- Date: 25 April–2 May
- Edition: 2nd
- Surface: Clay
- Location: Tigre, Argentina

Champions

Singles
- Camilo Ugo Carabelli

Doubles
- Guillermo Durán / Felipe Meligeni Alves
- ← 2022 · Challenger de Tigre · 2023 →

= 2022 Challenger de Tigre II =

The 2022 Challenger de Tigre II was a professional tennis tournament played on clay courts. It was the second edition of the tournament which was part of the 2022 ATP Challenger Tour.
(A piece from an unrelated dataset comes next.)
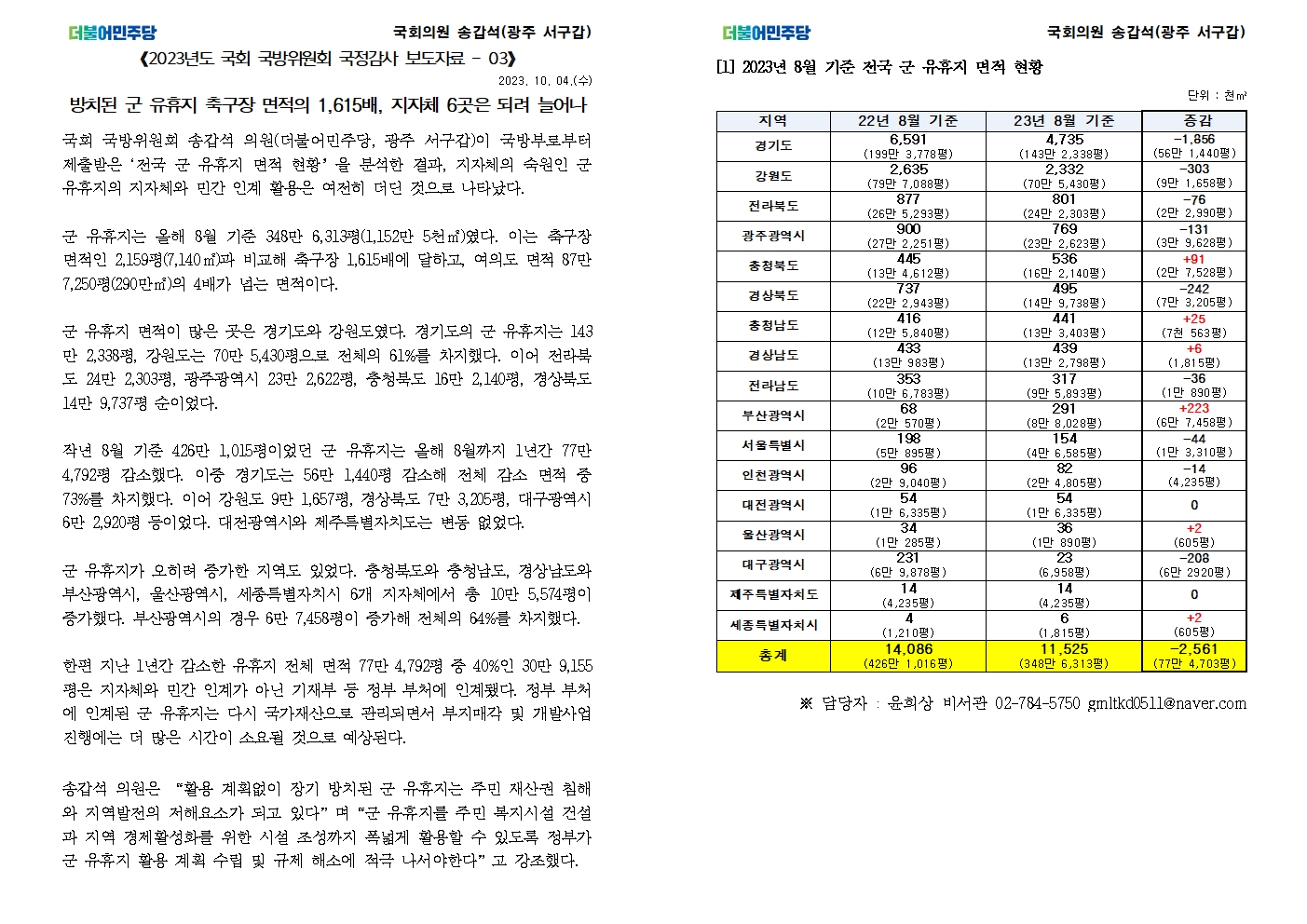 [국회의원 송갑석 국정감사 보도자료] 방치된 군 유휴지 축구장 면적의 1,615배, 지자체 6곳은 되려 늘어나
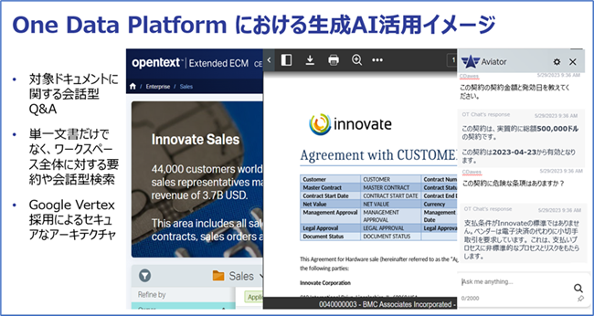 生成AI(LLM)とExtended ECMを統合することで、チャットベースの会話型検索で、さまざまな言語からなる大量のコンテンツから関連情報を素早く見つけることができます。また要約や翻訳を自動化することで、文書の理解や翻訳に費やす時間とリソースを削減しつつ、既存の知識や情報の再利用が可能となり、生産性、効率性を向上することができます。また、OpenText™ Extended ECMで文書データを横断的に管理することで、生成AIの学習用データが増え、ユーザーは、通常業務を遂行しながら生成AIのメリットを最大限に享受することができるようになります。たとえば、購買調達業務においてリース契約先を選定する場合に、過去のベンダー企業との各種膨大なリース契約書概要を短時間で比較し、最も戦略的な仕入れ先を選定することが可能になります。

It took place in Tigre, Argentina between 25 April and 2 May 2022.

==Singles main-draw entrants==
===Seeds===

| Country | Player | Rank^{1} | Seed |
|---|---|---|---|
| ARG | Facundo Bagnis | 99 | 1 |
| PER | Juan Pablo Varillas | 109 | 2 |
| ARG | Camilo Ugo Carabelli | 168 | 3 |
| ARG | Renzo Olivo | 169 | 4 |
| BRA | Felipe Meligeni Alves | 190 | 5 |
| ARG | Nicolás Kicker | 201 | 6 |
| ARG | Santiago Rodríguez Taverna | 206 | 7 |
| BRA | João Menezes | 251 | 8 |

- ^{1} Rankings are as of 18 April 2022.

===Other entrants===
The following players received wildcards into the singles main draw:
- ARG Facundo Bagnis
- ARG Román Andrés Burruchaga
- ARG Alejo Lorenzo Lingua Lavallén

The following players received entry into the singles main draw as alternates:
- BRA Gustavo Heide
- COL Cristian Rodríguez

The following players received entry from the qualifying draw:
- ISR Daniel Cukierman
- BOL Murkel Dellien
- ARG Franco Emanuel Egea
- ARG Santiago de la Fuente
- ARG Juan Ignacio Galarza
- PER Conner Huertas del Pino

==Champions==
===Singles===

- ARG Camilo Ugo Carabelli def. ARG Andrea Collarini 7–5, 6–2.

===Doubles===

- ARG Guillermo Durán / BRA Felipe Meligeni Alves def. ITA Luciano Darderi / ARG Juan Bautista Torres 3–6, 6–4, [10–3].